Increased attention is given in recent years to the issue prevailing between the corporate ownership structure and financial performance as a result of that certain structure. A number of studies have been carried out in this regard that assessed at the corporate level the relationship of ownership structure and financial performance.
ROA can be used as a measure to assess the relationship of ownership concentration and performance of the firm. The researchers concluded from study the relationship to be statistically significant and positive. Also, the firm performance has a positive impact from the institutional investors’ ownership as well as from the foreign investors. Further testing revealed that the sizes of the audit committee and board of directors, as well as institutional and managerial ownership, affect financial performance.
It was noted that there were higher improvements in the environmental performance as compared to that to other ownership types when the state of ownership increases even when it is more likely that the ownership is retained in industries that are high-polluting.
There is a positive relationship between financial performance with family ownership, institutional ownership, and managerial ownership. However, no significant relationship exists between financial performance and foreign ownership. It is possible to maximize value and gain sufficient control rights over the company using the concentrated ownership as it becomes manageable to effectively monitor and as a result improvements in the performance of the firm is seen because of reduction in agency costs. The ownership structure significantly relates to financial performance. It is found from the study that included a sample of banks operating in Kenya that ownership structure has effects on performance as well as on institution management. Also, the same study shows that there is a significant and positive relationship between ownership structure and financial performance. According to this study, banks having foreign investor perform better than the banks having a domestic investor. Researchers divided the assessment into two groups based on different criteria for the groups i.e. market and accounting.

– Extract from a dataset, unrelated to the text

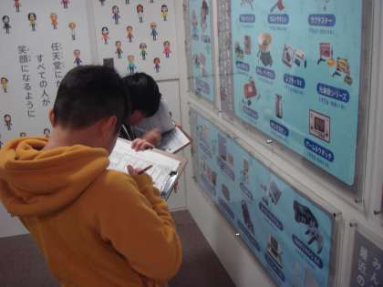 4年生は今年度最後となる校外学習に行きました。まず午前に京都まなびの街生き方探究館に行きました。「京都モノづくりの殿堂」では企業のブースで調べ学習をしました。パネルやビデオで調べたり,モノレンジャーさんに聞いたりしました。

Assessment based on accounting criterion reveals that business performance has no significant effects of the ownership structure as seen from findings. On the other hand, assessment based on market criterion reveals that the ownership structure significantly affects business performance.
Corporate performance is affected by foreign ownership in a positive and significant manner as concluded when assessing the relationship between two variables. This is particularly analyzed for India where there is sufficient corporate governance by foreigners in the firm’s internal system. Impact of various categories of ownership on the corporate performance shows that foreign ownership and corporate performance are related in a significantly positive manner and that the foreign investors can facilitate easy access to massive resources and management system enhancement.